Location of Çiğli within Turkey.
Country Flag of Turkey Turkey
Province İzmir
Government
 - Mayor Ensari Bulut (Republican People's Party)
Elevation 1.2 m (4 ft)
Population (2000)[1]
 - Density 1,170/km² (3,030.3/sq mi)
 - Urban 106,740
Time zone EET (UTC+2)
 - Summer (DST) EEST (UTC+3)
Postal code 35x xx
Area code(s) 0232
Licence plate 35
Website: http://www.cigli.bld-gov.tr

Çiğli is a district of İzmir Province of Turkey. It is one of the metropolitan districts of İzmir and constitutes the northern end of the greater municipal area of İzmir. To the north of Çiğli itself starts Menemen district. Çiğli is divided into 23 subdistricts and one separate depending municipality.

Çiğli is a settlement that sprang up and acquired a status quite recently. Its name draws a reference from the marshlands of the River Gediz delta that used to cover the area of the entire district of Çiğli, çiğ meaning dew in Turkish.

Thus the population tissue is shaped in full by recent immigration, starting as of the late-19th century with the Turkish refugees of the Russo-Turkish War (1877-1878). During the Greco-Turkish War (1919-1922) some among the Turkish population of the region found a safer refuge in the marshlands, especially in the general sense of despair caused by the Menemen massacre of 17 June 1919. In the first years of the Republic of Turkey, Çiğli became a village, under the present name, with the settlement here of Turks of Western Thrace. The village grew large enough to become a township with own municipality, and the population was further increased when Çiğli welcomed the survivors of two successive earthquakes in Varto and Hınıs, adjacent districts in eastern Anatolia, in 1946 and 1966, which claimed thousands of lives. Economic immigration into Çiğli from eastern Anatolia continues at a steady pace since then.

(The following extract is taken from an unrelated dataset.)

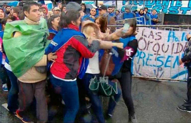 Miles de manifestantes se encuentran apostados en las diferentes manos que tiene la avenida Comodoro Py, en los Tribunales Federales de Retiro, a la espera de la llegada de la ex presidenta Cristina Fernández de Kirchner quien deberá declarar a las 10 ante el juez Claudio Bonadio en la causa que investiga la venta de dólar futuro.En el lugar fue agredida la periodista del grupo Clarín Mercedes Ninci, quien fue arrastrada por un grupo de mujeres identificadas con chalecos con la inscripción "Organización" de La Cámpora.Las columnas, que se habían comenzado a congregar a partir de las 5.30 de la mañana en diferentes puntos de la Ciudad de Buenos Aires, arribaron alrededor de las 7 a los tribunales, organizadas por los diferentes organizaciones políticas, sociales y gremiales.A las manifestación organizada se suma la presencia de cientos de personas de a pie que con paraguas en mano se suman a la convocatoria bajo el lema "El 13A todos con Cristina".Banderas de diferentes colores flamean en medio de clásicos puestos de choripán y bondiola a los que se suman la venta callejera de pilotos de plástico y paraguas en medio de la llovizna suave y constante que no cesó en toda la mañana.En tanto, un escenario montado en la puerta de la parroquia Stella Maris, se levanta con la expectativa de que luego de la declaración de la exmandataria ante el juez, se pueda escuchar un mensaje, posibilidad que fue explicitada y no descartada en un reportaje radial por el diputado del FPV, Andrés Larroque.Completan el panorama globos aerostáticos, el sobrevuelo de drones y puestos callejeros donde se venden remeras con los rostros de los expresidentes Néstor y Cristina Kirchner.Entre las organizaciones presentes se encuentran el Movimiento Evita, La Cámpora, Miles, Kolina, la CTA, Encuentro Popular, Uocra, Movimiento Territorial de Liberación, Movimiento Oktubres, la Corriente Martín Fierro, el Partido Comunista Revolucionario, el Partido Intransigente, y los radicales pertenecientes a la agrupación Irrompibles a los que se suman el Frente Grande y el Peronismo para la Victoria, entre otras.Entre los dirigentes que ya llegaron a las inmediaciones de los tribunales de Retiro se encuentran el exjefe de gabinete Aníbal Fernández, los exministros Agustín Rossi y Axel Kicillof y el jefe del bloque de diputados del Frente para la Victoria Héctor Recalde.La concentración cuenta además con la presencia de decenas de medios de comunicación, nacionales e internacionales, colectivo compuesto por móviles de televisión, prensa gráfica y radios, y portales.Fuente: Agencia de Noticias Télam
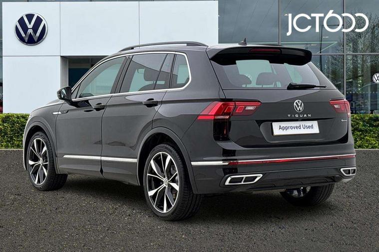 Adaptive cruise control ACC stop and go including speed limiter, App-Connect incl. App-Connect Wireless for Apple CarPlay and Android Auto, Bluetooth phone integration system, Distance control assist, Driver alert system, Driver profile selection, Dynamic road sign display, eCall emergency call system, Electromechanical speed sensitive power steering, Engine start/stop button, Lane keeping system Lane Assist, Lights on warning, Multifunction front facing camera, Outside temperature display, Premium multifunction display with multi colour display, Remote control boot opening, Rev counter, Revision / skills operating concept travel assistant, Service interval indicator, Speed limit display, Start/stop system with regenerative braking, Trip computer, Warning sound and light for doors and tailgate open, All wheel drive - 4Motion, Battery regeneration during braking, Diesel particulate filter, Misfuel prevention device for diesel engine, Selective Catalytic Reduction, XDS electronic differential lock for improved traction and handling, 4 X 20 watt output, 8 Speakers, Diversity antenna for FM reception, Radio, SD card slot, Simultaneous pairing of 2 compatible mobile devices, SMS functionality - read, compose and send SMS messages using touch-screen display, Title and cover art display, USB C ports, Auto dimming interior rear view mirror, Automatic headlight control system, Body colour door handles, Chrome moldings on the side windows, Coming/leaving home lighting function, Dynamic headlight range control, Front and rear electric windows, Heated rear window, High level 3rd brake light, Laminated safety glass windshield, heat and sound insulating, LED headlamps with LED separate daytime running light and dynamic cornering light, LED rear combination lamps, LED rear number plate lights, License plate carrier in front and rear, Poor weather light and cornering light, R Line body kit, R Line side sills, Rain sensor windscreen wipers, Rear exhaust tailpipe, Rear fog lamp, Rear side wing doors, Rear spoiler in R style, Rear windscreen washer and wiper with interval delay, Side and rear windows in heat insulating glass, Trailer Stability Programme, Unique R Line badging, Windscreen wipers/ intermittent wipe + 4 position delay, 12V outlet in center console rear and in luggage compartment, 12V outlet in front and tray, 2 cup holders in front, 2 LED front reading lights, 2 LED rear reading lights, 3 bench rear seats in 2nd row, 3 rear headrests, 4 load lashing points, 40:20:40 split folding rear seats, Air Care Climatronic 3 zone automatic climate control with enhanced air filter and controls in the rear, Backrest release for left front seat, Black headlining, Brushed stainless steel pedals and footrest, Carpet mats in front and rear with decorative stitching in Gray, Climate control unit rear with touch function, Door and side trim panel in foam film, insert in leatherette, Front centre armrest, Front footwell illumination, Front seats head restraints (x-adjustment), Height adjustable front seats, Height/reach adjust steering wheel, Instrument lighting white adjustable panel illumination, Interior light with delay, Isofix Preparation 2 Rear child seats, Leather gear knob, Lockable cooled glovebox, Luggage compartment lighting, Luggage net, Rear bench seat asymetrically split folding, longitudinally movable and folding with load-through hatch and center armrest, Remote unlocking for rear seat backrest, Removable luggage cover, Removable rear headrests, Safety optimised front head restraints, Single front passenger seat, Sliding/reclining rear seats, Standard rear seat release, Storage compartment in driver's door, Storage compartment in passenger's door, Storage compartment in rear doors, Storage compartments in luggage area left and right, Storage tray on dashboard, Sun visors with illuminated vanity mirrors, Top front comfort seats, Variable boot floor, height adjustable and removable, Driver assistance pack plus - Tiguan DSG, 3 point seat belt for centre rear seats, 3 point seat belts with seat belt pretensioners for the outer rear seats, Active bonnet, Curtain airbags for front and rear passengers, Driver/Front Passenger airbags, Drivers knee airbag, Electronic parking brake with auto hold, Electronic Stability Control with driver steering recommendation, ABS, ASR, EDL, EDTC and trailer stabilization, Front assist with autonomous emergency braking (for Adaptive Cruise Control ACC up to 130 mph), Front disc brakes, Front passenger airbag deactivation, Front side airbags, Height adjustable front 3 point seatbelts + pretensioners, Hill hold control, Manual child proof rear door locks, Pedestrian monitoring system, Power assisted brakes, Proactive passenger protection system in combination with front assist, Rear disc brakes, Rigid safety cell with front and rear crumple zones, Two tone horn, Warning sound and light for front seat belts if unfastened, Anti theft alarm system with interior monitoring, backup horn and towing protection, Anti theft wheel bolts, Electronic engine immobiliser, Tool kit,

Çiğli became part of the İzmir metropolitan area in 1981, first as a dependence of the district and municipality of Karşıyaka, and after 1992, as a distinct entity possessing its own administrative structures. Çiğli has one depending township with own municipality, Sasalı, and one village within its boundaries, Kaklıç, although the respective populations of these two settlements are roughly the same at around 3000 people for each.

İzmir's airport used to be situated within the boundaries of Çiğli and carried the same name as the town, until when the international Adnan Menderes Airport, situated south of the metropolitan area, entered into service.

Situated at sea level, Çiğli district borders in its west on the actual delta of the River Gediz, an area already encroached upon by urbanization, and that figures among the headlines within Turkey's environmental issues, since many would like to see the full protection of the delta assured in order to preserve its unique fauna and flora, particularly with a view to the delta's importance on bird migration routes. The delta is an IBA (Important Bird Area) registered at the BirdLife International.